The remainder of this paper is organized as follows. We review the related work in Sect. 2. Section 3 describes our proposed architecture and Sect. 4 explains the dataset, experimental setup, comparison models and evaluation criteria. Section 5 gives in detail result analysis, finding and discussions about future directions. Finally, Sect. 6 concludes the paper.

2 Literature Review

In general, the purpose of LM is to capture the regularities of a language as well as its morphological and distributional properties. LM aims to compute the probability of a word sequence in order to estimate the maximum likelihood of an upcoming word to be predicted in the sequence. LM learns the distributed representation of words to interpret semantic and syntactic relations between the sequence of words. In past, RNN has shown progressive success in language modeling over traditional methods based on statistical counts. The ability of RNN Language Model (RNNLM) to learn long term contextual dependency and capturing inherited sequential nature of language makes it better than other traditional methods [11]. Particularly in sentence generation task, RNNLM performed well because of its capability of learning highly complicated structures of language. RNNLM makes Maximum A Posteriori (MAP) estimation for predicting words in a sentence [17].

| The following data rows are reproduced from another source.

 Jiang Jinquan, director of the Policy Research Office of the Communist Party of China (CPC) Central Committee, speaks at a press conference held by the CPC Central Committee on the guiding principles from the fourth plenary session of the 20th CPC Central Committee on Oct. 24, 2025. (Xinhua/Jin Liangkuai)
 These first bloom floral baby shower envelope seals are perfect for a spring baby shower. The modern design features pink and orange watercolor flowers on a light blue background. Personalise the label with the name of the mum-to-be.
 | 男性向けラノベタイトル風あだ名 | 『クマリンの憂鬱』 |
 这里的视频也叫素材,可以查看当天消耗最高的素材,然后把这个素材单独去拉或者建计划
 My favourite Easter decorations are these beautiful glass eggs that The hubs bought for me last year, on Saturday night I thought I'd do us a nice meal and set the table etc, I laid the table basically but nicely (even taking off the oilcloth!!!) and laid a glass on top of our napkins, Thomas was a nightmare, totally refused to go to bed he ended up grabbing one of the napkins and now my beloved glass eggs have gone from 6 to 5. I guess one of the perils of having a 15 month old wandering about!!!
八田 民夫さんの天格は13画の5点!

Mou et al. first proposed multiple variants of Backward and Forward (B/F) language models based on GRUs for constrained sentence generation [13]. For training the B/F language models, sentences were split by choosing a word randomly. This resulted in the positional information of words getting smoothed out while generating sentences, and thus they lose the positional information of the word. This method of choosing a split word badly influences the joint probability estimation of a sentence.

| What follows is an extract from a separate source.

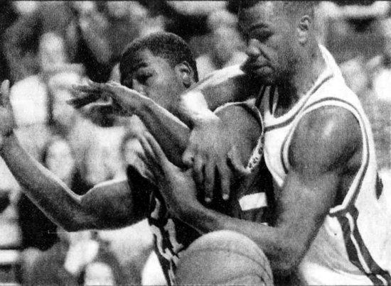 Chuck Hayes battles High Point's Joe Knight for the ball
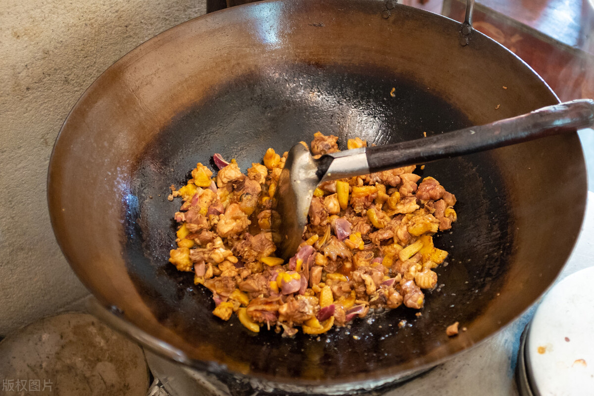 第二步,准备锅和色拉油,开大火。当锅温度升高后,将鸡肉逐个加入锅中炒至变成金黄色。此时可以将鸡肉捞起,备用。

Liu et al. proposed an algorithmic framework dubbed as Backward and Forward Generative Adversarial Networks (BFGAN) for constrained sentence generation [8]. BFGAN constitutes three modules; a discriminator, LSTM based backward and a forward generator with attention mechanism. The purpose of discriminator is to distinguish the real sentences from constrained sentences generated by machine and to guide the joint training of both backward and forward generators by assigning them reward signals. The backward generator takes lexical constraint as an input, which can be a word, phrase or fragment and generate the first half of the sentence backwards. The Forward generator takes the input half sentence generated by backward generator to complete the sentence with the aim of fooling the discriminator. The sentences prepared for training of backward generator relies on random splitting of sentences and the proposed framework can tackle single lexical constrained sentence generation.

Another line of work tackles the problem of constrained sentence generation by sampling the sentences from search space. Su et al. proposed a Gibbs sampling method based on Markov Chain Monte Carlo (MCMC) method for decoding constrained sentences [16]. The proposed approach consists of a discriminator and a pure language model conditioned on a bi-directional RNN. Introducing discriminator in the proposed method caters the job for calculating probability of a sentence satisfying the constraints. Gibbs method samples the set of random variables \(x_{1}...n\) from a joint distribution, which takes the form of words to make a sentence. The shortcoming of Gibbs sampling is that it cannot change the length of sentences and hence not able to solve complicated tasks like directly generating sentences from constraints established in advance. Miao et al. extends Gibbs sampling by introducing Metropolis-Hastings for Constrained Sentence Generation (CGMH) [9]. The proposed method directly samples from the sentence space by defining local operations in the sentence space such as word replacement, insertion and deletion.

Hokamp et al. proposed Grid Beam Search (GBS) algorithm, an extension of beam search, for incorporating specified lexical constraints in the output sequences [6]. In Neural Machine Translation (NMT) task, the proposed algorithm ensures that all specified constraints must meet the hypothesis before they can be considered to be completed. To generalize image caption generative models for out-of-domain images constituting novel scenes or objects, Anderson et al. proposed a Constrained Beam Search (CBS) decoding method, which utilizes Finite-State Machine (FSM) [1]. The proposed search algorithm is capable of forcing certain image tags over resulting output sequences by recognizing valid sequences with FSM.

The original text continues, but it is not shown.